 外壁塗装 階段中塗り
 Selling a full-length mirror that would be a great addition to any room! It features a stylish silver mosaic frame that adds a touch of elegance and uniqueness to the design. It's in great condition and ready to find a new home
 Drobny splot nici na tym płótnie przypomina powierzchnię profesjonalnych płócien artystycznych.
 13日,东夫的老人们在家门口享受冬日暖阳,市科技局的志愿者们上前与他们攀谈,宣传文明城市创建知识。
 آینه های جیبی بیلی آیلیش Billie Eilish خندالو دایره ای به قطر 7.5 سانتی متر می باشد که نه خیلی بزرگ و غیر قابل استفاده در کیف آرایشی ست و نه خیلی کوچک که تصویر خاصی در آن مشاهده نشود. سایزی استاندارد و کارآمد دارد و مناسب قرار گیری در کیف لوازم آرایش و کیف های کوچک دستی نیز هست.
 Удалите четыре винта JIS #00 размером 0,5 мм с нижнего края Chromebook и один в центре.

---

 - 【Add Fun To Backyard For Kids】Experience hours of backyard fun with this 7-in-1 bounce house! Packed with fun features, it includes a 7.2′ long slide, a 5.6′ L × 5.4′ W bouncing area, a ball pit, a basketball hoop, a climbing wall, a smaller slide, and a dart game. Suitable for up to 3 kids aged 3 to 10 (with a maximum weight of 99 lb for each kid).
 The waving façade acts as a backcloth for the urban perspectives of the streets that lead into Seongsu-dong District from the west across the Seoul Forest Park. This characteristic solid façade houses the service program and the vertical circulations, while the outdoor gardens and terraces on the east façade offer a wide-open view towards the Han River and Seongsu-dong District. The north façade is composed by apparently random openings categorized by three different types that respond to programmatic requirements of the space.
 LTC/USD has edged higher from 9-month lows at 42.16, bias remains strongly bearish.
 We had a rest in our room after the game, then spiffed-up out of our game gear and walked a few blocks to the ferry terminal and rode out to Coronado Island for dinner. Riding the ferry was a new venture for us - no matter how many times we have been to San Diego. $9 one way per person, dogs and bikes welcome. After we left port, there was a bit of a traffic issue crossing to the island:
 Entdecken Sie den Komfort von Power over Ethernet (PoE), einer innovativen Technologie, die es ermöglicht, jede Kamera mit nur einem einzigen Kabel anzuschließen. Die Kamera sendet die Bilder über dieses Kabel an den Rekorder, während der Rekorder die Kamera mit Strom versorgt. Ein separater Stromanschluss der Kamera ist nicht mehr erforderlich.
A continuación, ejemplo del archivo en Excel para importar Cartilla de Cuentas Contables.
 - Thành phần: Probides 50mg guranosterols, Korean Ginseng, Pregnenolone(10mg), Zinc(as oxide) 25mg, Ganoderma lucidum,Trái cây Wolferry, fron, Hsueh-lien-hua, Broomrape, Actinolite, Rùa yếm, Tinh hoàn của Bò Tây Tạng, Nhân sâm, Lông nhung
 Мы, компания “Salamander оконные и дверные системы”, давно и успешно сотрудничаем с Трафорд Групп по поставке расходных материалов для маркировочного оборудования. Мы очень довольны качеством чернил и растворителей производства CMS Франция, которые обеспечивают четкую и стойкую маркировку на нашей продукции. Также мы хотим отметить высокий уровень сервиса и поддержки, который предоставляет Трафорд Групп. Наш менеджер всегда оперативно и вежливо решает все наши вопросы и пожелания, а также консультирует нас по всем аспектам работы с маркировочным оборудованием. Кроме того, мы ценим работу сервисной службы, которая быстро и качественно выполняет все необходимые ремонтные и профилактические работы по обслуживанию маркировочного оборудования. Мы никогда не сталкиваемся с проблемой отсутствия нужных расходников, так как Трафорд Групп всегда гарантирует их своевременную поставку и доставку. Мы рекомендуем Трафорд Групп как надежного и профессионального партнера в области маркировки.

---

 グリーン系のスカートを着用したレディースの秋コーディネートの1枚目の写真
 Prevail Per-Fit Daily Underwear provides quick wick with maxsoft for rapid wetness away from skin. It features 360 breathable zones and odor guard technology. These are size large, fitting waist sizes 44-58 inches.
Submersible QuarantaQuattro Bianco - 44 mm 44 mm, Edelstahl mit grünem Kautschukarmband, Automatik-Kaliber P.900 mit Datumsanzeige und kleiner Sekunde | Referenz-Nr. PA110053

* YOUR INSTRUCTIONS: Restate word for word the lines in the material above from the one with "- 【Add Fun To" to the one with "We had a rest"; both of those lines count, and nothing else does.

* ANSWER TO THE EXERCISE:
 - 【Add Fun To Backyard For Kids】Experience hours of backyard fun with this 7-in-1 bounce house! Packed with fun features, it includes a 7.2′ long slide, a 5.6′ L × 5.4′ W bouncing area, a ball pit, a basketball hoop, a climbing wall, a smaller slide, and a dart game. Suitable for up to 3 kids aged 3 to 10 (with a maximum weight of 99 lb for each kid).
 The waving façade acts as a backcloth for the urban perspectives of the streets that lead into Seongsu-dong District from the west across the Seoul Forest Park. This characteristic solid façade houses the service program and the vertical circulations, while the outdoor gardens and terraces on the east façade offer a wide-open view towards the Han River and Seongsu-dong District. The north façade is composed by apparently random openings categorized by three different types that respond to programmatic requirements of the space.
 LTC/USD has edged higher from 9-month lows at 42.16, bias remains strongly bearish.
 We had a rest in our room after the game, then spiffed-up out of our game gear and walked a few blocks to the ferry terminal and rode out to Coronado Island for dinner. Riding the ferry was a new venture for us - no matter how many times we have been to San Diego. $9 one way per person, dogs and bikes welcome. After we left port, there was a bit of a traffic issue crossing to the island:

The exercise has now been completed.